En ocasiones, las cosas más inmundas producen arrebatos de belleza. Por ejemplo, a nadie le seduce el estiércol, pero el estiércol puede propiciar el nacimiento de una flor. Lo mismo sucede con la arquitectura de los lugares que visitamos. Hace unos días, por ejemplo, os contaba que el centro de Manchester era un lugar tan arquitectónicamente interesante debido a las bombas de una banda terrorista.
Cuando paseáis por Nueva York o Londres, así como otras ciudades importantes, no os habrán pasado desapercibidas esas regias escalinatas que suben desde la calle hasta la entrada de la primera planta. Las puertas de las casas, pues, no están a ras de suelo. Pero la razón de este tipo de construcción nada tiene que ver con la estética o la moda. También, como algunas flores, se debe al estiércol.

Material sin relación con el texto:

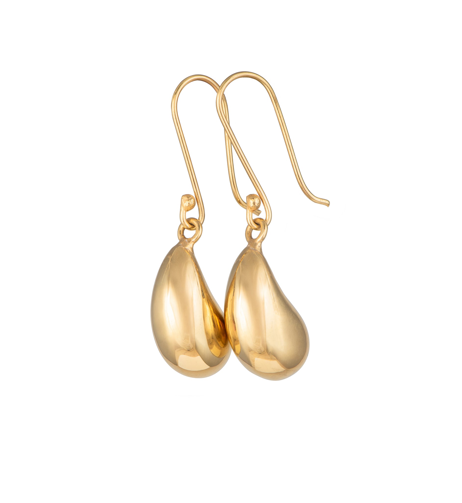 These curved teardrop shaped drop earrings are made with hollow sterling silver that keeps them light and comfortable to wear. Their sculptural, chunky silhouette catches the eye while moving effortlessly with you. Also available in silver, they’re perfect on their own or paired with the matching necklace for a complete, bold and striking look.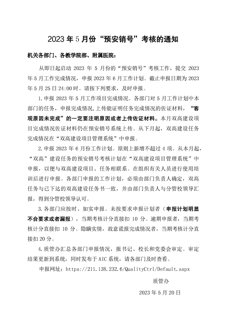 2023年5月份“预安销号”考核的通知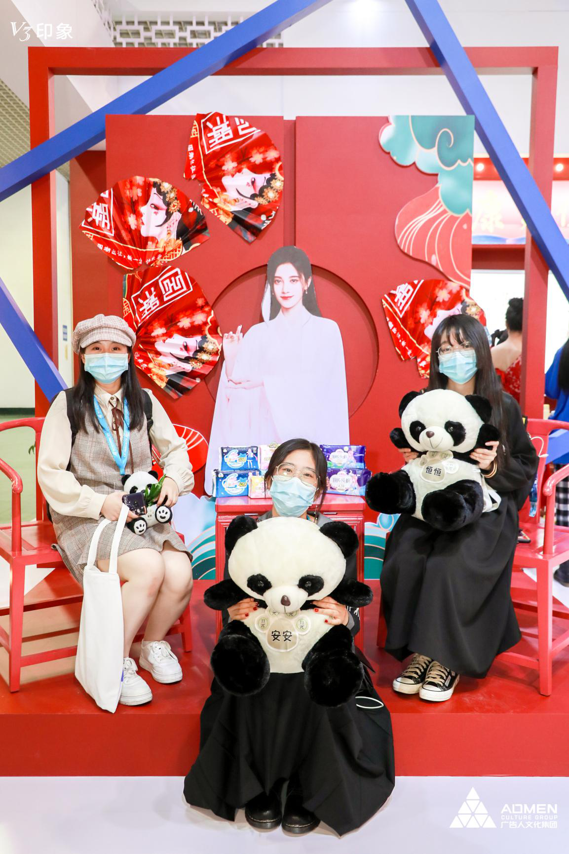 尊凯实业集团展位的正红布景极具特色,吸引了众多国风爱好者前来打卡,不少汉服小仙女都被熊猫玩偶萌翻了,纷纷合影留念。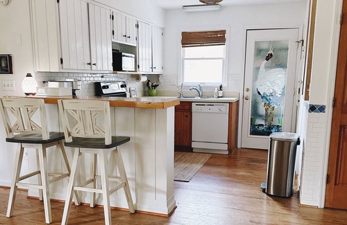 All three bedrooms are equipped with TVs for guest convenience. Primary guests will enjoy a private en suite featuring a soaking tub and standalone shower. The second guest bedroom includes private access to an open-air deck. Great for younger guests, the upstairs bedroom features a playful coastal theme and a custom barn-style sliding door. Central air-conditioning, free WiFi, and a private washer and dryer round out the in-home essentials.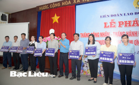 Dịp này, LĐLĐ tỉnh Bạc Liêu đã trao tặng 20 suất quà cho những công nhân tiêu biểu; trao 50 phần quà (mỗi suất trị giá 1 triệu đồng) cho công nhân lao động có hoàn cảnh khó khăn, trong đó có 10 suất quà từ nhà tài trợ Bệnh viên Quốc tế Phương Châu - Sóc Trăng; trao bảng tượng trưng hỗ trợ xây dựng 10 Mái ấm Công đoàn cho đoàn viên khó khăn về nhà ở (mỗi căn được hỗ trợ 50 triệu đồng).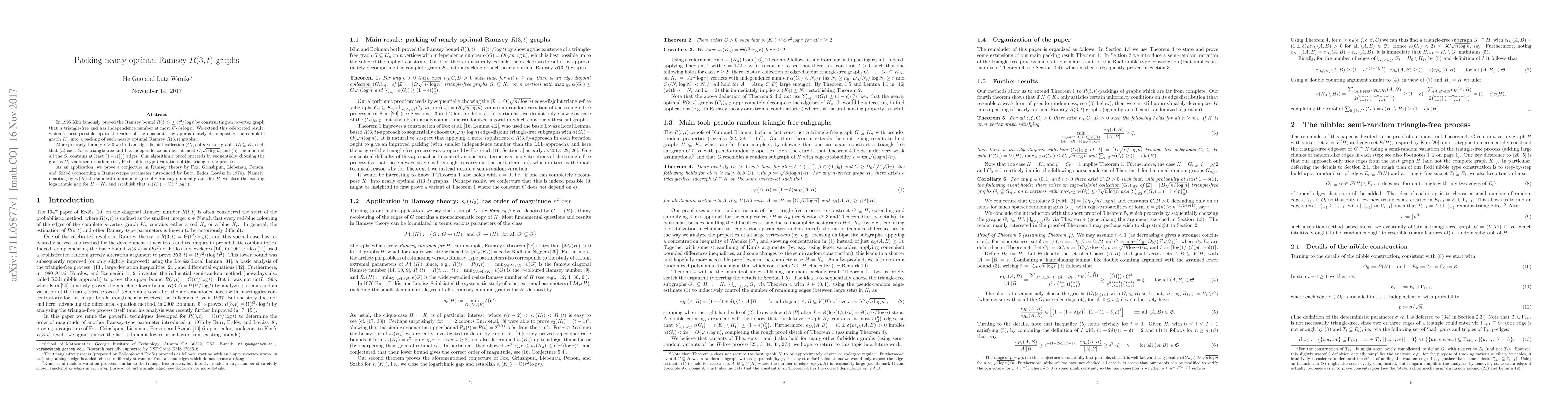 The paper extends Kim's 1995 result on Ramsey bounds by approximately decomposing the complete graph K_n into a packing of nearly optimal Ramsey R(3,t) graphs. The proof uses a semi-random variation of the triangle-free process and provides bounds for degree-like, codegree-like variables, and the number of open edges.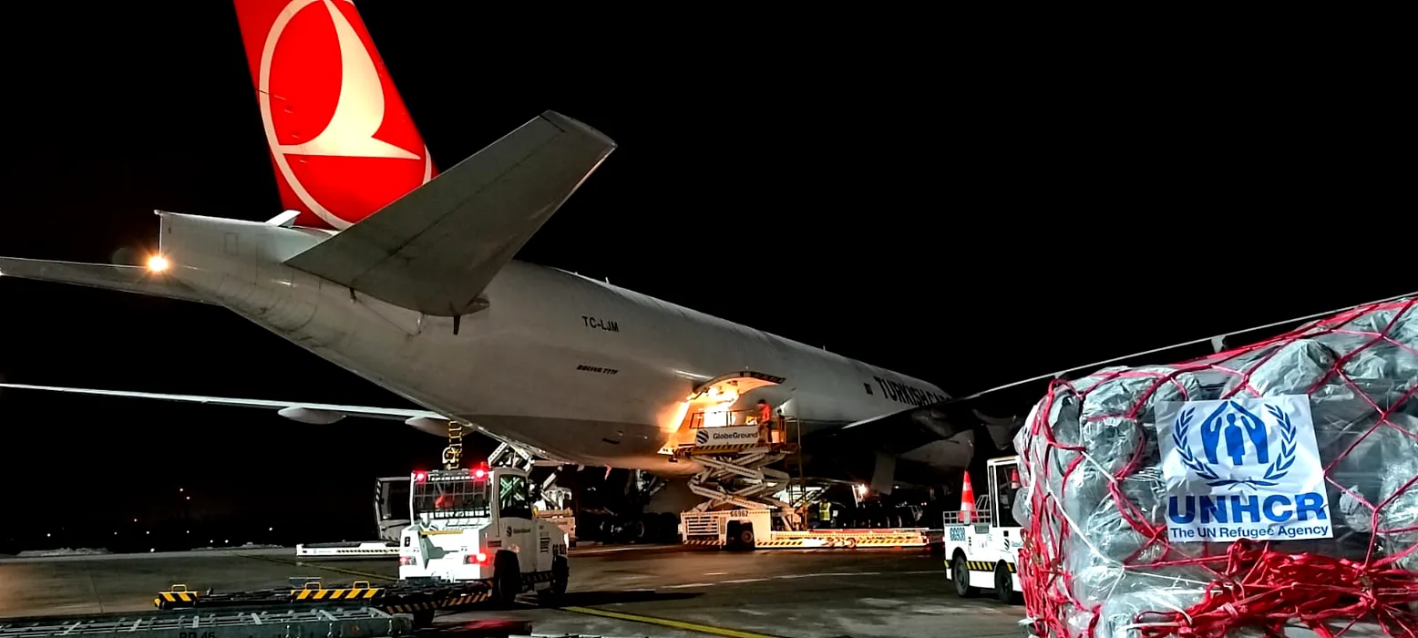 FOTO | O aeronavă cargo, încărcată cu AJUTOARE umanitare, a decolat în această dimineață de pe Aeroportul Henri Coandă spre populaţia grav afectată de cutremure din Turcia

Tal y como explican Steven Levitt y Stephen Dubner en su libro Superfreakonomics:
En los solares, el estiércol de caballo se amontonaba hasta alturas de 18 metros, flanqueando las calles de la ciudad como cuando se apila la nieve a los lados. En verano, el hedor llegaba al cielo; cuando llegaban las lluvias, un torrente espeso de estiércol de caballo inundaba las aceras y se metía en los sótanos de las casas. Ahora, cuando admire las piedras marrones de la vieja Nueva York y sus elegantes escalinatas que suben desde la calle hasta la entrada de la primera planta, acuérdese de que eran un diseño surgido de la necesidad, que permitía que los residentes subieran por encima del mar de estiércol de caballo.